Herbert Thurston was born in London on November 15, 1856. He was given a Jesuit education and received his BA from the University of London. He was ordained as a priest in the Society of Jesus in 1890. He wrote extensively on the saints, also about psychical research, and although some Catholics criticized him for being too sympathetic he was mainly known as a skeptic, because of his critical attitude towards the legends surrounding the saints. He wrote more than 800 articles.1 The books listed below relate, directly or indirectly, to psychical research.
Although sharply critical of superstition, especially regarding the saints,2 Thurston accepted the existence of psi and considered it in part a naturalistic phenomenon.3 With regard to survival, he doubted that mediums provide access to the dead in the afterlife, although he considered this possible. He criticized Spiritualism for its confidence that the entities with whom mediums communicate are only the dead: some ‘communications’ may originate in the medium’s subconscious, he felt, while many alleged communications appear to be self-contradictory.4 Thurston further warned that mediums may be communicating with demonic entities or other malevolent beings. He was also open to the possibility that communicators may be beings from another dimension. Thurston accepted poltergeist phenomena as genuine; however, he rejected the widely held modern view that the poltergeist agent, often a person entering puberty, is the sole cause of the phenomena. Rather, Thurston considered the agent to be a de facto medium and the poltergeist to be ‘a proof of the existence of a world of spiritual agencies, not cognoscible directly by our sense perception’.5
Thurston died in London on November 3, 1939.
Thurston, H.G.C. (1915) The Memory of our dead. (London: Burns and Oates).
Thurston, H.G.C. (1920).
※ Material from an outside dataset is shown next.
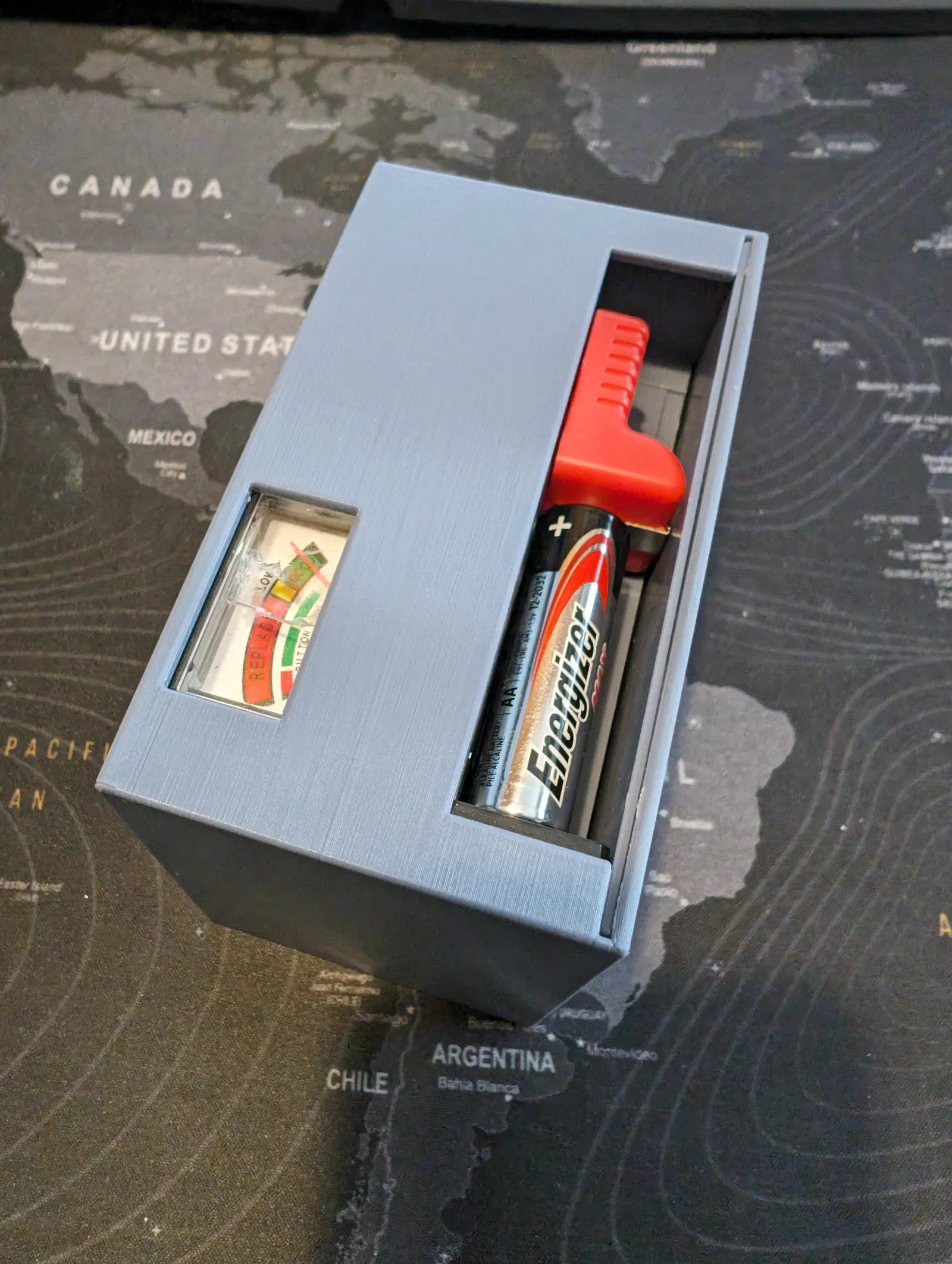 Chiếc hộp có một khe cắm để vừa một máy đo pin analogue đơn giản, cái tôi dùng là từ Amazon.

Spiritualism: a catholic view. In: The living age, 8th series, volume 17. (Boston: The Living Age Company), pp. 652-6.
Thurston, H.G.C. (1933a). The church and spiritualism. (Milwaukee: The Bruce Publishing Company).
Thurston, H.G.C. (1933b). Superstition: a backward glance over nineteen centuries.(London: The Centenery Press).
Thurston, H.G.C. (1934). Beauraing and other apparitions. (London: Burns, Oates, and Washbourne).
Thurston, H.G.C. (1952a). Physical phenomena of mysticism. (London: Burns and Oates).
Thurston, H.G.C. (1953). Ghosts and poltergeists. (London: Burns and Oates).
Thurston, H.G.C. (1955). Surprising mystics. (Chicago. Henry Regnery).
- 1. Heimann, M. (2009). Herbert Henry Charles Thurston (1856–1939). Oxford Dictionary of National Biography. Oxford: Oxford University Press; online edition at http://www.oxforddnb.com/view/article/48528. Accessed November 11, 2014.
- 2. (Thurston, H.G.C. (1933b). Superstition: a backward glance over nineteen centuries. (London:The Centenery Press).
- 3. Thurston, H.G.C. (1933a). The Church and Spiritualism. (Milwaukee: The Bruce Publishing Company).
- 4. Thurston, H.G.C. (1920). Spiritualism: a catholic view. In: The Living Age, 8th series, volume 17.
- 5. Thurston, H.G.C. (1955). Surprising Mystics. (Chicago. Henry Regnery) p. 356.